RedxDecember said:
This is a honest question. I only ask you respect it. I'm 15 and I'm sure that makes some of you have a surge of anger or resentment towards me. I understand that you have these feelings, but I don't understand why. I am not the kind of teen who plays Black Ops all night over and over. I enjoy a wide variety of genres and I am not a console fanboy. I own the 3 current "in" consoles, using money I've earned from my summer job and money from my birthdays and gifts from Christmas. I'm not the little shit who stays in his room and ignores his parents. I've enjoyed all the great games many of you do, and I share your love of games. So why the hate? Please share your anger about my gaming generation and how to improve my interaction with the older members of the gaming community so I can improve my interaction with you all.
Thank you so much for reading.
One thing I don't like about the young gamers, is that more and more they don't know how to lose gracefully. They take losing like it is the end of the world.
The reason the problem exists is that schools and somewhat new parents have the crazy thing going that they want to convenience and tell kids that other people are no better then them, that everybody is a winner.
I remember back when I was in school, kids that made the great grades got special treatment. For their hard work they got things like candy bars, money/gift cards, special coupons, sometimes a pass to get out a homework assignment they didn't feel like doing. At my high school, the students with the best grades got to go off campus for lunch once or twice a week.
These days, from what I have seen from friends' siblings and my nephew that are still in grade school, such rewards are being given out less and less, and soon they won't do it at all. The reasoning is that children are just so fragile and need to be sheltered from the idea that other students are possibly smarter then them, and that there is a possibility they aren't working hard enough or being lazy, that there is something wrong with them.
With such teaching, eventually students don't see differences in their fellow students and don't have the feeling that somebody might be better then them. They get the feeling that no matter what they do they are and always will be a winner, because they aren't show that other people can be better.
That translates to kids/students that play games and they find that in games there will always be a winner or a loser or somebody that is better then them in some way. So, such kids can't handle losing so they resort to insults and things like saying the winner cheated or used unfair tactics, like keeping the shotgun and getting a fifteen kill streak(I did that and actually, got called a bad player by some brat that doesn't understand that it isn't unfair; it is called using what gives myself the best advantage, if the game spawns a shotgun with 20 rounds in it, why do I have to let it sit there and possibly be picked up by somebody that will use it on me?)
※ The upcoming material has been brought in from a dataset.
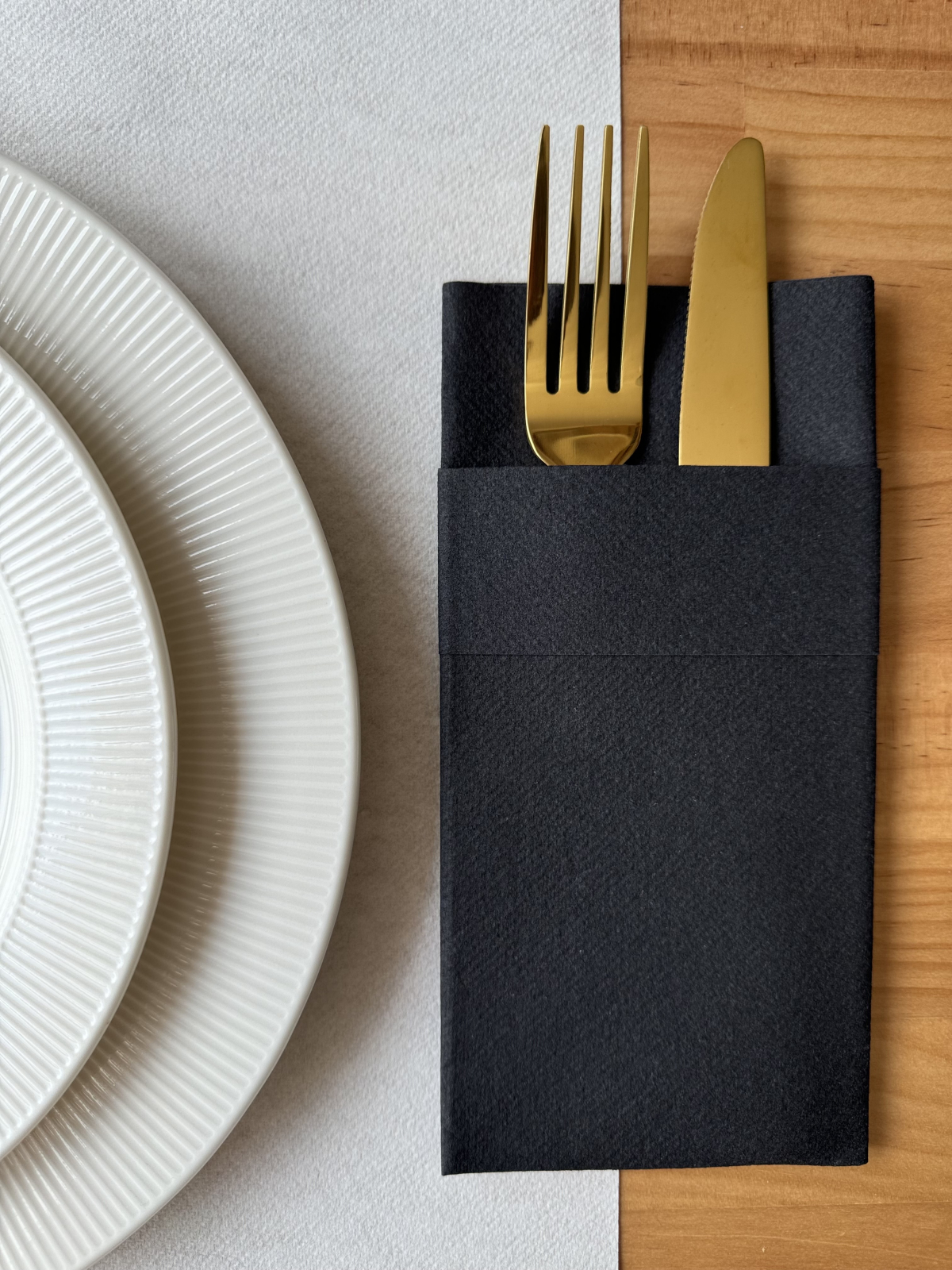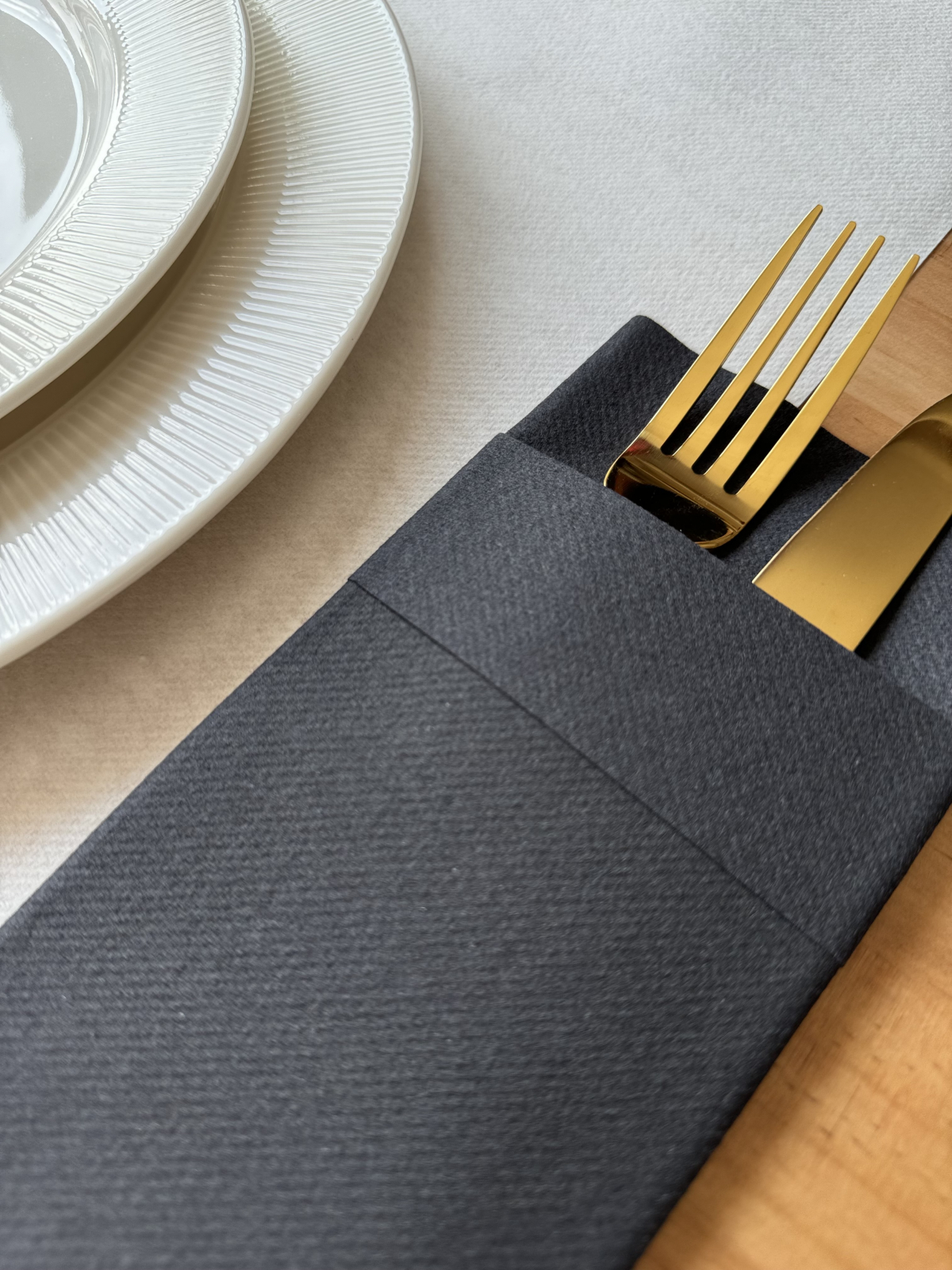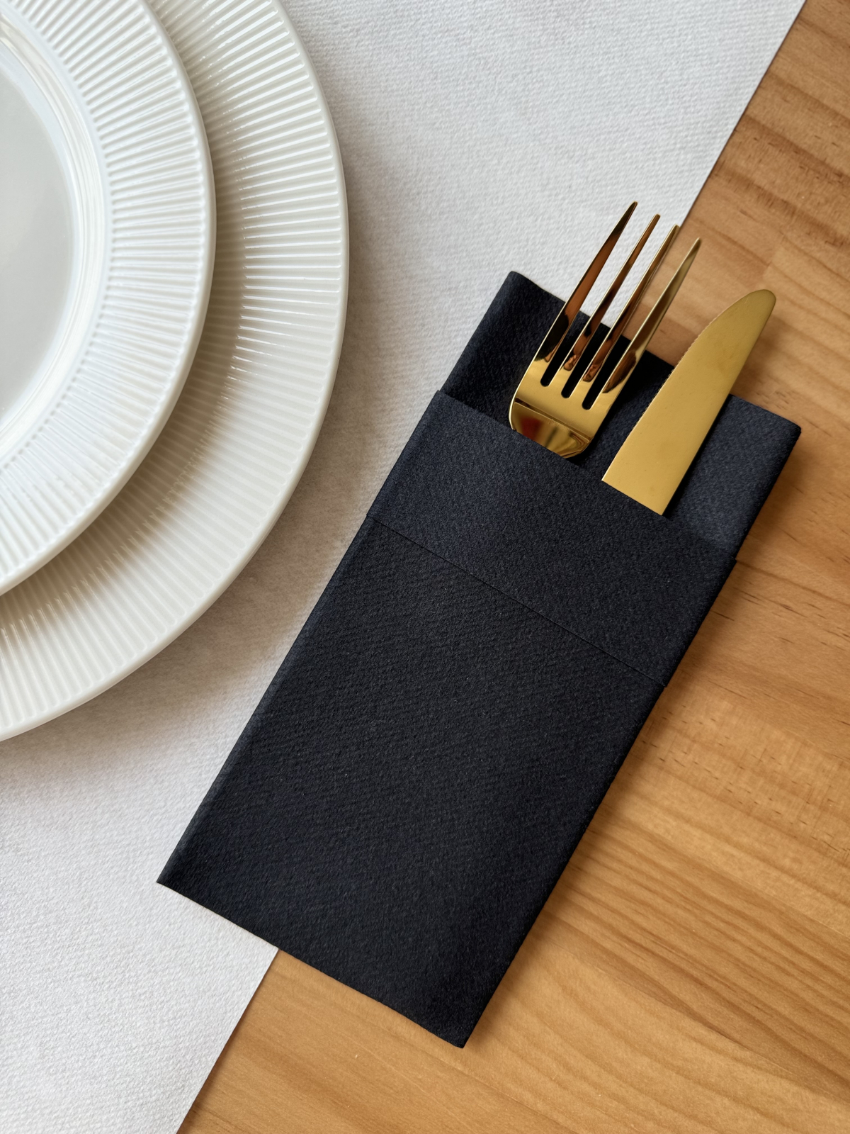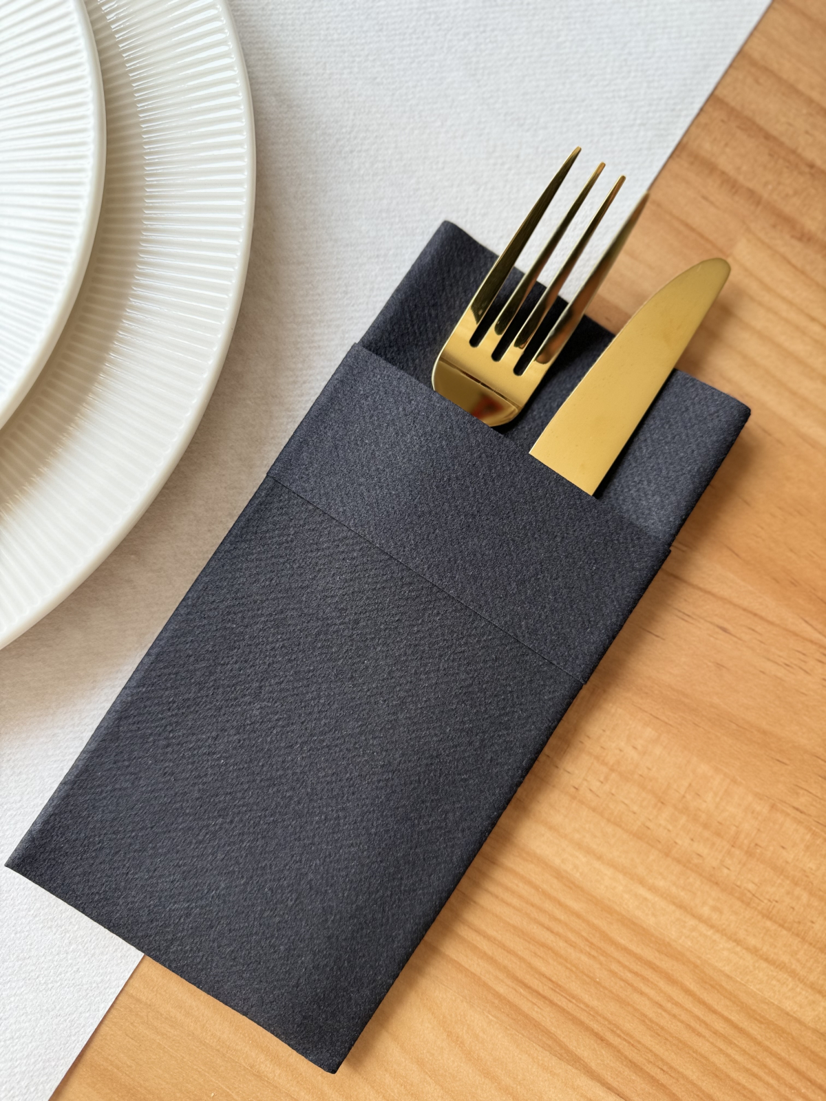 A zsebes szalvéták a design és funkcionalitás tökéletes harmóniáját képviselik. Higiénikus bemutatóhelyet biztosítanak az evőeszközök számára, és elegáns megoldást kínálnak bármely HoReCa-helyszínen. - Előre hajtogatva, azonnal használatra készek - Az evőeszközöket higiénikusan és elegánsan lehet elhelyezni bennük, a speciális bemetszésnek köszönhetően - Amellett, hogy hasznosak, színt és dekorációs elemet is visznek az asztalokra - Ideális választás minden vendéglátóipari helyszínre Airlaid anyagból készülnek, kiváló minőségben, rendkívüli teljesítménnyel: • Textilszerű megjelenés • Magas nedvszívó képesség, jóval meghaladja a hagyományos papírt • Nagy kopásállóság, még nedvesen is • Prémium minőség – Made in Germany Rendeld meg most, és adj extra eleganciát asztalaidnak!

Another thing that I find that I can't stand about the younger gamers, is that the younger they get, the larger the entitlement they think they deserve. It's already to the point where quite a few young gamers have the weird idea the they should be able to play the majority of a game or all of it, before they decide if they want to buy it. That is the big issue with piracy, the young gamers see that they can get the game for free, and then they make up the excuse that why should they pay money if they find that they don't like the game. Other people can't get it through their thick skulls that they have to pay money for it because they played it, that it is wrong to take a game copy for free and experience everything a pay customer gets and not pay the creator/developers the money they are do for the player getting that experience. Plus, don't even try to reason with them that taking an illegal copy off the internet is stealing; they keep throwing up the stupid bull crap argument that if it is a digital copy, there are infinite copies and that nothing has been lost, so it isn't stealing. You can't tell them that it is a possible lost sale for the developers and publishers, because they say that if they didn't like the game they wouldn't have paid money for it anyway, or that it is a game genre they normally wouldn't pay money for anyway. The big problem is that the youth of today are more stubborn than the past generations, it seems that the majority will never admit directly that they are wrong about something.
That is why I can't stand many young gamers. They are partially to blame, but also the people that have been brainwashing them with such ideas, that they are just as good as anybody else and that they are entitled to pretty much anything, are also to blame.